We are in for a wild ride for the next two years.

The effect seems worldwide. A political class is addicted to spending your money, a worldwide financial crises occurs and sources of funding dry up. Craving their next fix, they suddenly realize that they really can’t raise taxes to the level they want because everyone and their sister is pointing out that it was FDR not Hoover that caused the Great Depression with bad policy and higher taxes after the banking/market crises of 1929. And with the latest bailout programs the deficit is already at record highs. What’s a politico to do?

Cast their eyes about and find the pools of available cash. What pools are there? Private endowments. Corporate philanthropy. 401(k)s. Pension funds.

Senator Charles Grassley (R – Iowa) and Representative Peter Welsh (D-Vermont) are looking into how universities and colleges are spending their endowments. Seems like any college with over $500 MM in ready cash may be required to allow Congress to tell them how to spend it. Welsh is introducing legislation to force colleges to spend a minimum of 5% per year of their endowments to offset tuition. Guess who gets to make the rules on how it’s spent? Is this enforceable? How many colleges rely on government student loans; or research grants from NSF, NIH, and the like?

Corporate philanthropy? California legislators want to require foundations to report race, gender, and sexual orientation of their trustees, staff and recipients. And what if the giving isn’t in line with the legislative vogue? Kiss off those tax deductions.

Governor Rod Blagojevich, has already raided the State of Illinois’ retirement and pension funds. They are currently underfunded by billions, courtesy of a raid to continue spending on RodWerks.

Anyone remember Alicia Munnell of the first years (1995) of the Clinton administration, before Newt Gingrich rode in to block the insanity? She eyed the trillions of dollars invested in pension plans and devised a “one-time tax” plan to take $450BB of the money because its previous tax deferred status was deemed unfair.

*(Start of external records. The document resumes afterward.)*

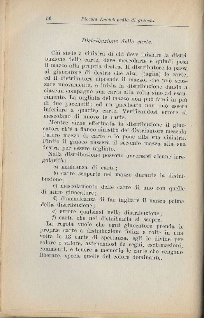 Olii siede a sinistra di chi deve iniziare la distribuzione delle carte, deve mescolarle e quindi posa il mazzo alla propria destra. II. distributore lo passa al giuocatore di destra che alza (taglia) le carte, ed il distributore riprende il mazzo, che può scozzare nuovamente, e inizia la distribuzione dando a ciascun compagno una carta alla volta sino ad esaurimento. La tagliata del mazzo non può farsi in più di due pacchetti ; ed un pacchetto non può essere inferiore a quattro carte. Verificandosi errore si mescolano di nuovo le carte.
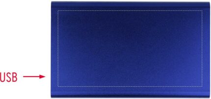 Power bank 4000 mAh in aluminium. Capacity for smartphone use, out put current DC5V/1A. Includes indicating light and USB cable with micro usb plug.
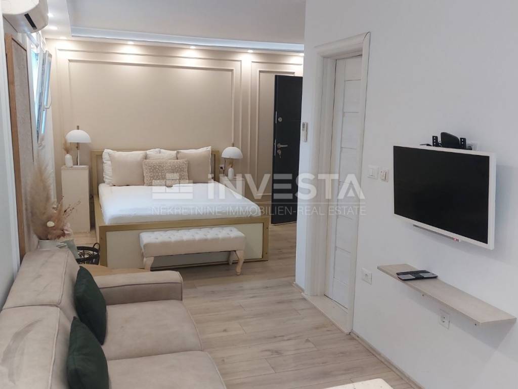 Studio apartment – equipped with a double bed, kitchen with dining area, bathroom, and storage.
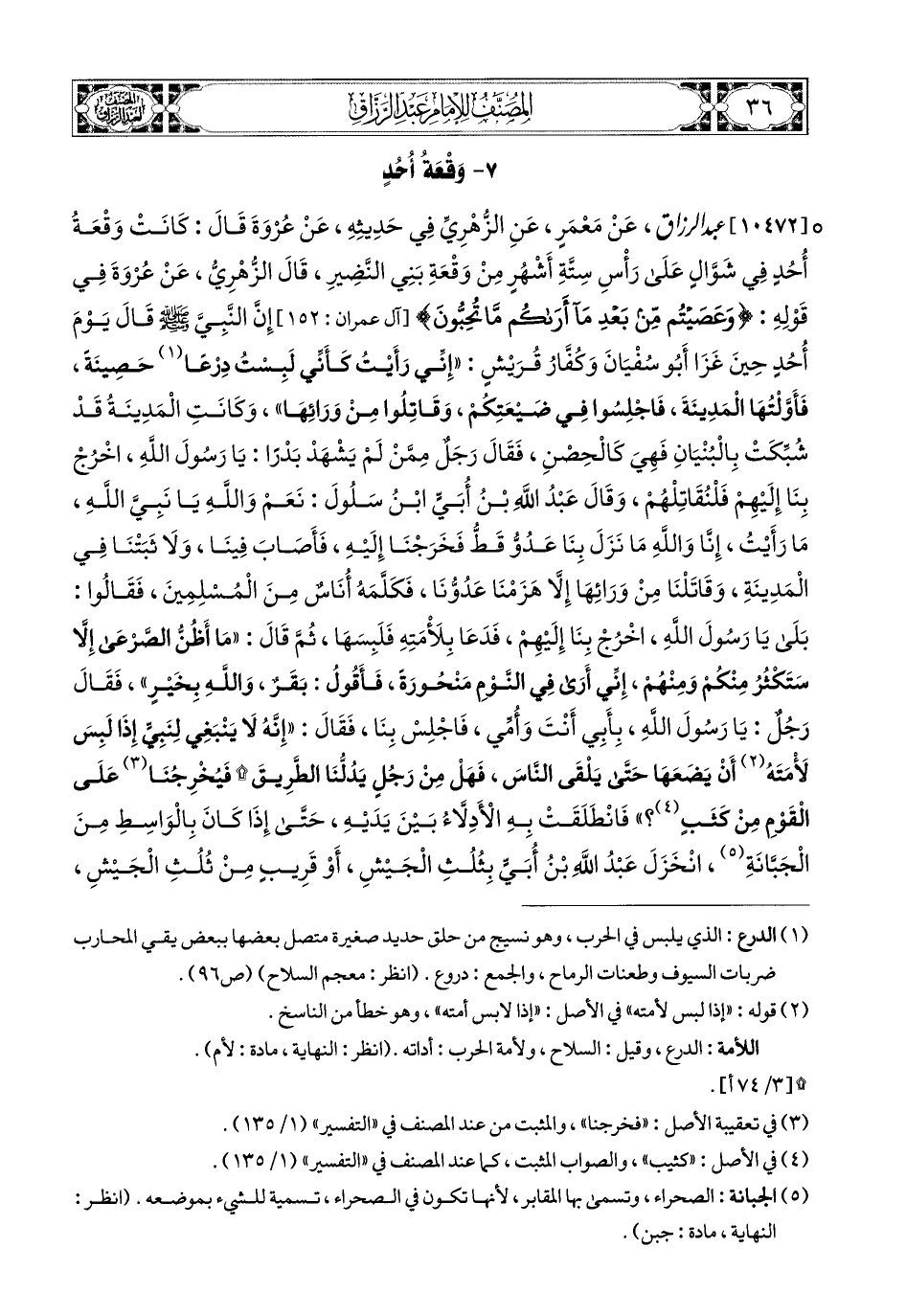 10472- عبد الرزاق، عَنْ مَعْمَرٍ، عَنِ الزُّهْرِيِّ فِي حَدِيثِهِ، عَن عُرْوَةَ قَالَ: كَانَتْ وَقْعَةُ أُحُدٍ فِي شَوَّالٍ عَلَى رَأْسِ سِتَّةِ أَشْهُرٍ مِنْ وَقْعَةِ بَنِي النَّضِيرِ.

And the effect is not just in the US. Take Argentina where, on October 21st, President Christina Kirchner has nationalized $30BB of pensions to access the cash for her debt payments. Congress is paying attention to Argentina. Speaker Pelosi and House Ways and Means Chairman McDermott are hearing ideas on what is effectively the nationalization of 401(k) plans in a “lets get a head start on socialism” special session of the House. Wall Street investors obviously can’t be trusted to generate a decent rate of return. Congress would guarantee 3% under one plan. That is provided that they didn’t suck the funds dry like that other “lockbox” fund we now have.

As I have mentioned before, having a government of the Party, by the Party and for the Party is a guarantee that wild spending will not perish from the Earth. So does government in general and Congress in specific have the wherewithall to make the optimal decisions on how to spend your money?


Several years ago I heard a Millercomm talk by Charles Townes, the inventor of the maser. Interesting fellow. One of his talking points was the creation of the government institute for sponsoring science at the end of WWII. The US had the Radiation Lab, which extended development of the radar, and the Manhattan Project at Los Alamos and Oak Ridge which developed atomic energy, as well as the precursors to IBM and digital computers. All very successful and arguably responsible for ending WWII in a victory.

Harvard President James Bryant Conant was the head of this group whose purpose was to direct government funding to obtain the most bang for the buck. Conant and Vannevar Bush believed in big government sponsored science. They honestly believed that they could effectively direct science in the United States and provide the best use of public funds.

Townes pointed out that the post war government spend billions on investigating science directed by these intellectuals. And that they missed a few things: the invention of the maser and its daughter the laser; the transistor and the integrated circuit; fiber optics; polymers; (the list goes on). The program was good at giving money to the big labs but the transitional technologies that created today’s world were generated out of the free market.

Let’s keep our assets out of Congressional control and let the free market, which allowed America to become a place where people can attain their visions, thrive.